Quickly, I went to the door and stepped out of the classroom. When I left I could hear cheers of jubilation from inside as if they had just toppled some vicious dictator. Their freedom chant, ‘POOH,’ carried on. I tried to compose myself, and took several deep, deliberate breaths. It would have made sense to go get one of the Korean administrators but I was too proud to think that I couldn’t handle the situation myself. I was clearly in denial.
When faced with tragedy – illness, addiction, etc. – psychiatrists say people are likely to endure five different stages of grief. My own vociferous tragedy remained just several feet away on the other side of a wooden door. In the empty hallway I calmly breathed my way through the first stage of denial. As I began to regain my composure more resentful thoughts crossed my mind. You are the authority figure, and these kids are clearly not showing you any respect. How could they treat you like this? They don’t do this with the other Korean teachers. I abruptly moved on to stage two – ANGER.
Moments later I walked back into the classroom and shut the door behind me. As I entered the little monsters raised the volume of their chant. Perhaps they wanted me to crack. At this point I was livid and an empty desk next to me took the brunt of my fury. I grabbed the desk with one hand and flipped it over. It crashed onto the floor with a loud thud. The noise diminished, as well as my chances of winning that self-nomination as Educator of the Year.
“QUIET!” I screamed at the top of my lungs. The room was silent. All the kids stared at me with alarming eyes, their jaws dropped. I had seized control once again.
“NOBODY…SAY…A WORD!” I held my index finger to my mouth indicating I wanted silence. I don’t know if they understood, but intonation and gestures go a long way, especially when conveying anger.
Corporal punishment is illegal in the Korean education system, even though you still hear about isolated incidences. Of course it was strictly forbidden at the academy and hitting the kids was the furthest thing from my mind. Yet after the desk got thrown onto its side, the kids probably wondered where I was heading with this reaction. Frankly, I didn’t know either. There was no phase two of this plan. I had acted impulsively and now I needed to think of something fast. Suddenly, I had an idea. I walked over the board and wrote:
I will always respect my teacher.
I turned back to the kids and snapped, “WRITE IT!” Slowly, they began to take out a piece of paper. Some began writing immediately while a few boys looked at one another to see if their friend would comply. Dynomite hesitantly raised his hand. “WHAT?” I said and glared at him intently.
“Teacha, how many write?” he asked.
“Write!” I exclaimed and pointed to the board. Everyone started jotting away. I stood at the front of the classroom with my hands behind my back counting down the minutes. The silence that now engulfed the room was serene.
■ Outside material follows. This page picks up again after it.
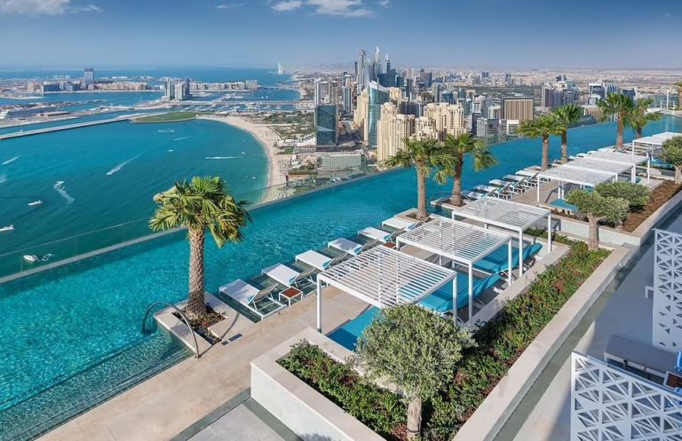 تعجب نخواهید کرد اگر بدانید که دبی رکورد دار استخر روی بام است. هتل دیدنی آدرس بیچ ریسورت (Address Beach Resort) دارای مرتفعترین استخر جهان در یک ساختمان است که با تقریباً ۲۹۴ متر ارتفاع، در طبقه ۷۷ قرار دارد. این استخر با طول ۹۱ متر و عرض ۱۵ متر، تقریباً دو برابر یک استخر در مسابقات المپیک است.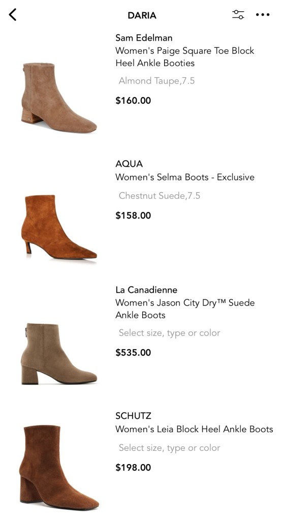 My Thursday boots in brown are going on seven years. They’ve been resolved twice! Below is the new fall booties selection – bought Aqua from Bloomingdale’s, discounted from $158 to $106.

As the minutes ticked away my anger subsided, and I thought of ways in which the class might end. Should we leave angry at each other? What should you tell them? Will they even understand? With only a couple minutes left in class I told the kids to put their pencils down so I could explain my position.
“Look, guys. All I want is for you to learn something while you’re here.” By the look on their faces this clearly didn’t register. I continued anyway, “That’s why your parents pay for these lessons. I want to have fun in class, I really do. But there’s a difference between having fun and being out of control.” Still – nothing. These kids had a basic level of English and clearly couldn’t follow my speech. Suddenly, and without knowing, I found myself in the third stage of bargaining.
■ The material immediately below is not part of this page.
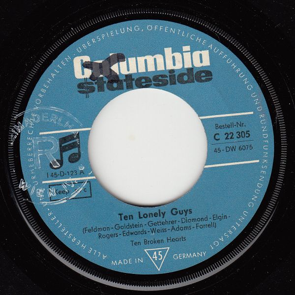 Sie schrieben nicht nur diesen Titel, sondern sie interpretierten ihn als "Ten Broken Hearts" auch auf DIAMOND 123 selbst, wobei man bei den diversen Dokumentationen das Gefühl hat, dass die Mitwirkung aller zehn Songwriter beim Gesang nicht so recht geglaubt wird. Jedenfalls erreichte "Ten Lonely Guys" in der Interpretation von Pat Boone die Top 50. Die Original-Interpreten hatten keinen Charts-Erfolg.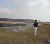 Всем привет!!! Каюсь мужики 😇 . Полетал сегодня отлично, погода супер, помех нет, ветра тоже. Что ещё для щастья надо 😃 . Ан нет, хочется что то хорошее для всех сделать. Решил, что самое лучшее, что я могу сделать на своем тракторе (ТЛК 100) - это утромбовать полосу. Так сказать, пока земля мягкая. Ну и как бы утромбовал, НО. Там в одном месте, с западной стороны полосы, лужица есть и маленькое болотце 😕 . Так вот - в неё я и вляпался. И вляпался так, что полный пепелац 😦 . Долго выкапывался оттуда и если бы не Игорь Литвинов (огромное спасибо) пришлось бы бежать куда-нибудь за трактором или куковать там пока кто-нибудь не выдернул. Так что знайте - яма на полосе сделана мной 😊 . Обешаюсь в воскресение, если будет нормальная погода, или в ближайшее время её заделать. Не корите мужики, хотел как лучше, а получилось, как всегда 😦 . Вот кстати та самая лужа.

“I tell you what, next class if you WORK HARD and BEHAVE,” I made sure to emphasize those words, “I’ll bring some CANDY.” Finally, I hit on a word they understood and their interest perked. I don’t know where such an offer came from. It just spilled out of my mouth. Surely, incentive-based bad behavior wasn’t an effective method of classroom management. Sometimes teachers may offer rewards on the merit of good behavior, but I was essentially trying to buy them off. I knew it was a mistake, but the offer was already on the table. I had to purchase some candy.
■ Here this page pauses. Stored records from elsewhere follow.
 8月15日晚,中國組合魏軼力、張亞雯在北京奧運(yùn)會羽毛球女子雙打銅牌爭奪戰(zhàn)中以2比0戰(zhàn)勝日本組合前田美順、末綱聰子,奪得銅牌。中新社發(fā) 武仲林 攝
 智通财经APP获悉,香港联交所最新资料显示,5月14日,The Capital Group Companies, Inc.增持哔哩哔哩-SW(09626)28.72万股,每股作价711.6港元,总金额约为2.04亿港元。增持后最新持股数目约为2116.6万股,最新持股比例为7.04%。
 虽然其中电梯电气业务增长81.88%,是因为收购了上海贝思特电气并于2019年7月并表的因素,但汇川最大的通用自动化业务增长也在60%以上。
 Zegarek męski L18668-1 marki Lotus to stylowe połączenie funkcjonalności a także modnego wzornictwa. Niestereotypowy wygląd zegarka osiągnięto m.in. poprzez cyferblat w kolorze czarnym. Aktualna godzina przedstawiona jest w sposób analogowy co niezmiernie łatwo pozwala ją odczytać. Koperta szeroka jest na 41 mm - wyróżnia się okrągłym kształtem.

I progressed through the last two stages of grief at a slower pace. After I bargained terribly with the kids, I felt a bit depressed. Thus far, the kids were able to run all over me. How could I possibly be an educator if nobody would listen to me? I was also disappointed in the way I handled the situation. Throwing the desk was unnecessary, since maintaining order shouldn’t entail hurling heavy objects across the room. Each day I was learning a little more about the do’s and don’ts of teaching. I just thought I wasn’t learning quickly enough. In many ways I was an ineffectual teacher. It made me realize that being just a teacher is not that difficult. But being an effective teacher is extremely difficult.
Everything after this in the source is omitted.